Various methods of collection of data
Prediction of consumer behavior intervenes in two main situations: targeted advertising and recommendations.
For example, GoogleAds: the company which wants targeted advertising gives its ad to GoogleAds. GoogleAds will have access to the data of Google’s users, create profiles of consumers and target profiles which could be interested in the ad.
Another example is AndChill: it’s a bot which recommends a film to users, based on their preferences. The user says to the bot which film he likes, then AndChill suggests him a film he could like. We will explain later how it works more in details.
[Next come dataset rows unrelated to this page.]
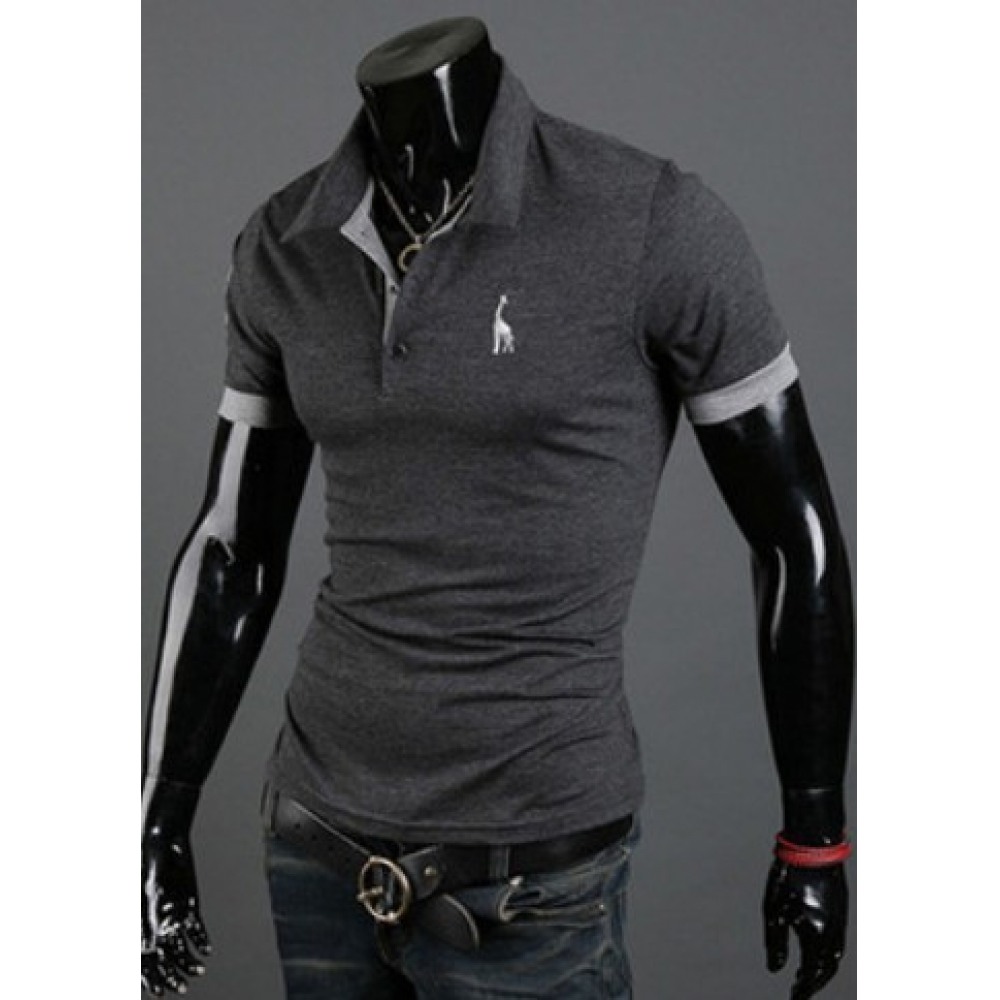 New Short-Sleeved Solid Color Embroidery Men's Slim Casual Loose Short-Sleeved T-Shirt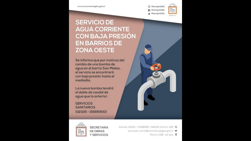 Se informa que por motivos del cambio de una bomba de agua en el barrio San Mateo, el servicio se encontrará con baja presión hasta el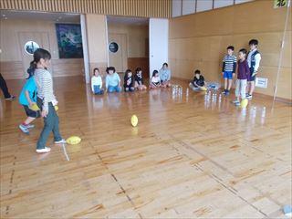 ラグビーボールはどこに転ぶか分からないのでなかなか倒すのが難しかったようです。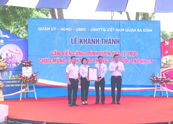 Chủ tịch UBND quận Ba Đình Tạ Nam Chiến trao Bằng công nhận công trình chào mừng kỷ niệm 78 năm Cách mạng Tháng Tám và Quốc khánh 2/9 cải tạo nâng cấp vườn hoa Lê Trực cho phường Điện Biên

To do targeted advertising or recommendations, a company needs data. If the company wants to target its clients, it has their data on the account of each client and can analyze it itself. If the company wants to reach new customers, it has to find data elsewhere. The more often, the company can partner with data providers to profiling users for prediction of consumers behavior. Data providers, such as Acxiom or Epsilon, partner with groups like Facebook and Google, collect their users’ data and analyze it to help other companies to do targeted advertising or recommendations.
To predict consumer behavior, data analysts have access to various types of data:
- the explicit data: it’s all the data the user gives to websites. For example: his name, his email address, the last purchase on a shopping website, music videos he adds to his playlist…
- the implicit data: it’s all the data the user is not aware he gives. For example: the moment he skips the video, the moment he pauses the music…
To develop an accurate model, developers need each type of data. Today, new solutions of prediction and data collecting appear: the Internet of things (with the connected objects), deep learning…
Algorithms of recommendations

The idea of recommendation algorithms is to find different clusters of users and items through a mathematical approach.
First of all, we collect data (the first picture: on the left of all pic)
Second we analyze data by lower the dimension of this original matrix, two reasons:
- takes less space in computer
- can visualize since we can choose to take only first k cologne of each matrix
Then we use a function in MATLAB called SVD to decompose the matrix into three (the pic on the right on low), where the first one represents the description of items and the third one the users.
Then we can represent them on a dimensional coordinate where we can easily find the different cluster.

In the end we can use it to predict a new user, given the former data, we simply need some calculate in math to get a result of the coordinate to describe his preference, then we can find out who is the nearest user to him and we recommend the films he has seen to the new user.